Dr. Hershauer stated in Lecture 11, “Cash is king”, which is only three small words that emphasize significant meaning for managers to operate efficiently. This statement depicts one of the top priorities of why businesses, not only automotive dealerships, maintain success. New business entrants may believe the idea that you are out of business when you show an operating loss, but Hershauer (2011) proves that you are out of business when you are out of the most liquid source, cash. To directly relate cash management to the automobile industry, one has to take into account the several different departments that make up one dealership. The different components of a dealership are split up into the New Vehicle Department, Used Vehicle Department, Parts, Service, Business Office, and the Finance and Insurance Department. Vaughn (2005) implies that “there are six businesses under one roof for a reason. In a time where, say, a particular manufacturer's new product may be losing some market appeal, the dealer has the used-car business to counter-balance the drop in new-car sales”. Cash management from all of these departments involves simultaneously maximizing sales, controlling expenses, and maintaining payment from customers.

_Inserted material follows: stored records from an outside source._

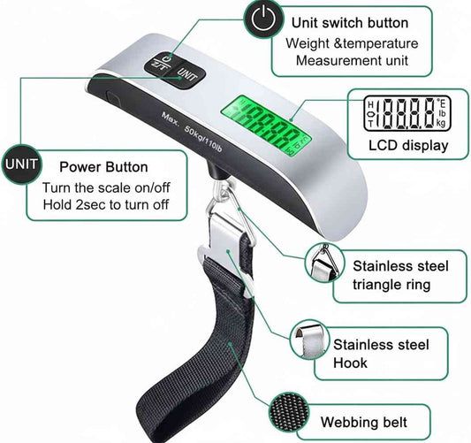 Portable Digital Luggage Scale — LCD Display & Unit Conversion for Travel
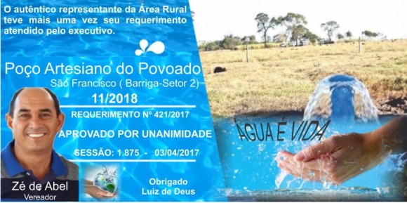28/11/18Executivo atende requerimento de Zé de Abel para perfuração de poço artesiano no Povoado São Francisco
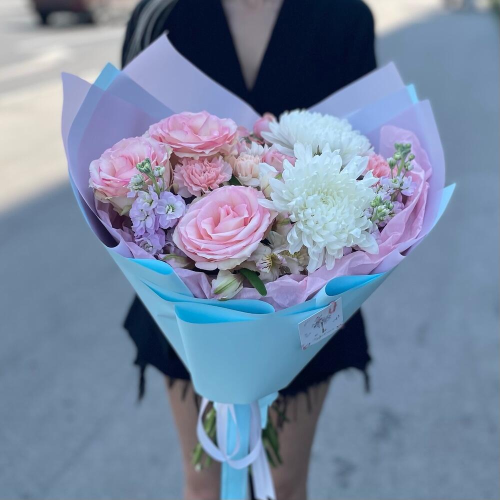 Категорий: Альстромерии, Гвоздики, Кустовые розы, Розы, Хризантемы
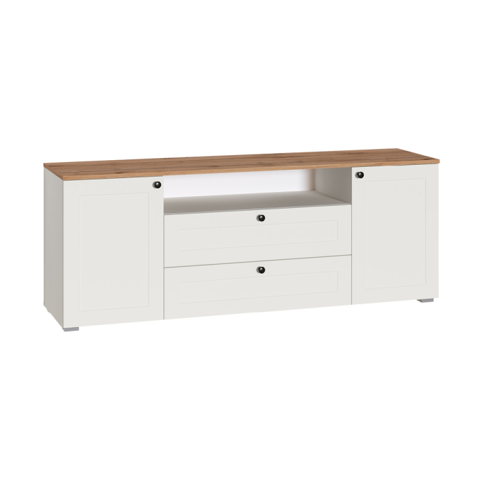 Тумба под ТВ Остин 16.47, белая шагрень, дуб золотой крафт Код R0000302060
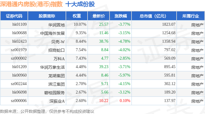 深港通内房股(港币)(983084)指数十大成份股详情如下:

Define Criteria for the Balance Sheet
In the article, “Understanding Effective Cash Management”, Reider (2005) explains “an early step in successful cash management is for the organization to clearly define its desired criteria for results and success as related to such factors as reasons for existence, basic business principles, mental models, belief systems, performance drivers, and so on” (p. 7). Reider (2005) believes the structure of defining desired criteria for results and success is the first essential tool in cash management. The criterion includes sections categorized by organization wide, sales function, manufacturing, personnel, purchasing, and accounting. These basics are a useful tool in developing and maintaining the key balance sheet accounts for cash management at a dealership. At the end of the day, the Business Offices goal is to run negative cash on the dealership books (Hershauer, 2011). This reduces the float in the system for significant liquidity purposes. Adequate control over balancing assets with liabilities and equity is crucial to meet financial obligations. The total amount of cash, cash equivalents, and marketable equity securities is what makes the business thrive. Other assets that are current are inventory and accounts receivable, while the remaining assets are long term. Liabilities including accounts payable, interest payable, and notes payable are examples of what impacts the cash flow balance. It is the Business Offices responsibility to focus on cash flow from operations rather than net income because cash flow leaves minimal space for management to manipulate or accounting rules to distort (Hershauer, 2011). If the net income is larger than cash flow from operations then it is a sign that the dealership is not operating their earnings accurately. That is why one of the responsibilities of the Business Office is to collect all accounts when they are due or past due (Hershauer, 2011). In Graph 1, Reider (2005) exhibits the smooth flow of cash throughout an efficient business. If an automobile dealership can effectively and economically operate like Graph 1 in any situation, then their balance sheet will reap the rewards.

(Reider, 2005)

In the article, “Remarketing of Autos”, Blackwell (1994) informs his audience that automobile distribution is in a state of revolution because of inefficient cash and inventory management procedures (pg. 5). Industry experts have suggested that, “some major automakers are facing extinction by the end of the decade because of too much production for too few buyers” (The Columbus Dispatch, 1991). Overcapacity is one of the top reasons why a dealership...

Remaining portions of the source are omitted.